In algebra, the term "quotient" refers to the result of dividing one number by another. Consider it as a way to express division as a standalone mathematical operation. For example, when you read "the quotient of -7 and a number," it translates to the algebraic expression \[-\frac{7}{x}\]where \(x\) represents the unknown number. Similarly, the phrase "the quotient of -12 and the number" becomes\[-\frac{12}{x}\]Both expressions share the common element of division, highlighting the central concept of quotients in algebra: they quantify how one value is distributed over another. This is crucial for translating real-world problems into mathematical equations. Understanding the notion of a quotient helps you differentiate division from other operations like multiplication or addition when working with complex algebraic problems.

The process of simplifying expressions in algebra is akin to tidying up an equation to make it more understandable or easier to work with. It's all about breaking down complicated expressions into simpler, clearer forms. Here's how you can simplify an expression, step by step.

• Start by evaluating any operations, like resolving a double negative or combining terms.
• In the expression \(-\frac{12}{x} - (-\frac{7}{x})\), first recognize the double negative, which simplifies to a positive.
• This step yields \(-\frac{12}{x} + \frac{7}{x}\), making it easier to see that you can now combine terms.
• Combine the fractions by subtracting \(\frac{7}{x}\) from \(-\frac{12}{x}\), resulting in \(-\frac{5}{x}\).
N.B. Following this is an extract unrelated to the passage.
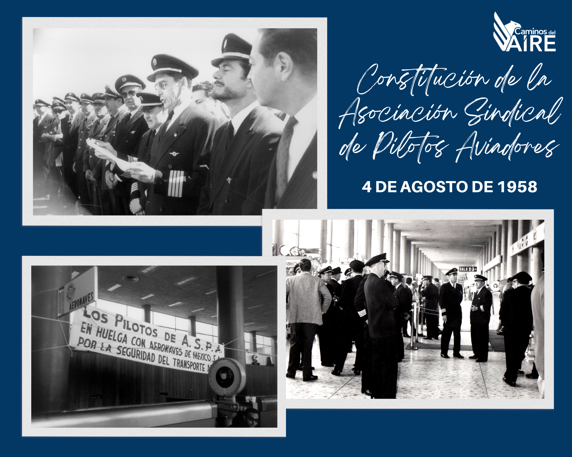 La Asociación Sindical de Pilotos Aviadores, ASPA de México, queda constituida oficialmente el 4 de agosto de 1958. Teniendo como antecedente la Liga de Pilotos en 1945, con la que los tripulantes de vuelo...

This expression is now in its simplest form.

By following these steps, we can transform even complex expressions into something more manageable, making it an essential skill for solving algebraic problems efficiently.

Translating phrases into algebraic expressions is a key skill in mathematics. It involves interpreting everyday language and expressing it using mathematical symbols and equations. Here's a strategy for translating phrases to expressions, especially when dealing with words that indicate mathematical operations.

• Identify keywords: Look for words like "divided by," "multiplied by," "sum," "difference," and notably, "quotient," which is vital for division.
• Align each part of the phrase with mathematical operations. "The quotient of -7 and a number" becomes \(-\frac{7}{x}\).
• Note any terms like "subtracted from," which indicate subtraction, as in "subtracted from the quotient of -12 and the number" leading to \(-\frac{12}{x} - \left(-\frac{7}{x}\right)\).
• Always check the sentence structure to assure the order of operations and relationships between numbers are accurately reflected in the expression.

By mastering this skill, students can accurately turn word problems into algebraic expressions, paving the way for successful simplification and problem-solving. It's not just about substituting numbers and operations, but understanding the math described by words.